Dataset section
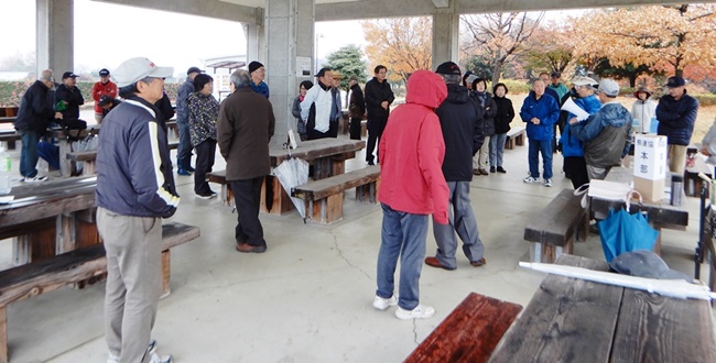 本日は中島会長のご挨拶から始まりました。皆さん本日はこの雨、もう暫らくすれば雨も上がり晴れ間が見えると思いますが、 今日は落葉拾い、ほうきで集めるのは無理と判断しました。沢山の仲間がお集まり頂きましたが、こういうチャンスを上手く利用して校友を深めてください。
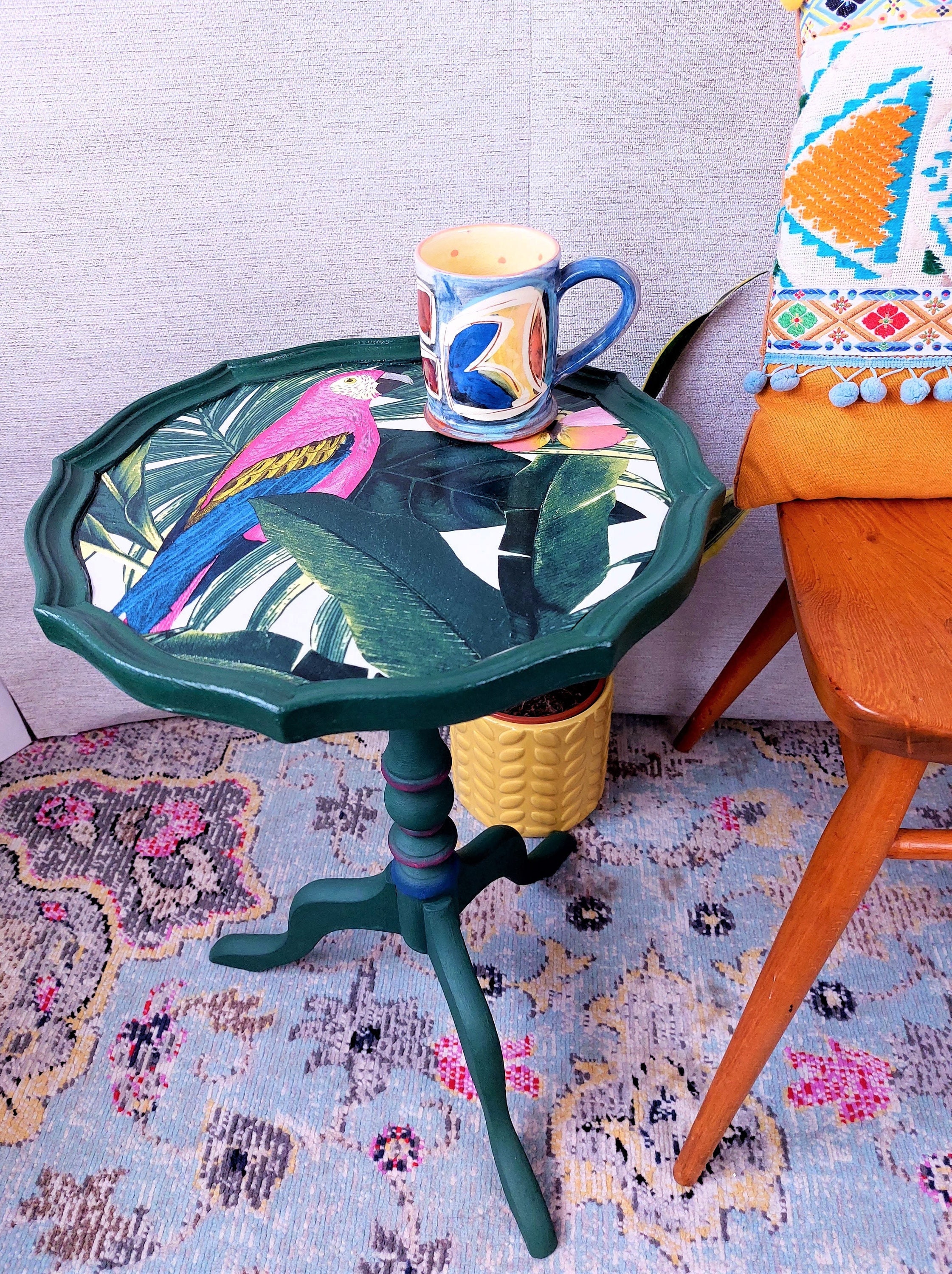 COMMISSIONS TAKEN - Upcycled quirky hand painted tall side table, w...
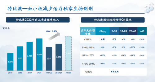 作为医院采购国内前五大品种的超大品种中,特比澳获得了更优秀的超预期表现。去年销售额达到三十多亿的特比澳,本次谈判不降价,可见竞争力强的垄断性产品依旧具备很强的定价权, 特比澳作为全球唯一上市的rTPO产品,超强定价权背景下作为现金奶牛大品种不断刷新峰值,其未来数年峰值及估值能去到哪里?

Problem to work on
Write the lines above out again exactly, without any of their pictures.

Output for this exercise
 本日は中島会長のご挨拶から始まりました。皆さん本日はこの雨、もう暫らくすれば雨も上がり晴れ間が見えると思いますが、 今日は落葉拾い、ほうきで集めるのは無理と判断しました。沢山の仲間がお集まり頂きましたが、こういうチャンスを上手く利用して校友を深めてください。
 COMMISSIONS TAKEN - Upcycled quirky hand painted tall side table, w...
 作为医院采购国内前五大品种的超大品种中,特比澳获得了更优秀的超预期表现。去年销售额达到三十多亿的特比澳,本次谈判不降价,可见竞争力强的垄断性产品依旧具备很强的定价权, 特比澳作为全球唯一上市的rTPO产品,超强定价权背景下作为现金奶牛大品种不断刷新峰值,其未来数年峰值及估值能去到哪里?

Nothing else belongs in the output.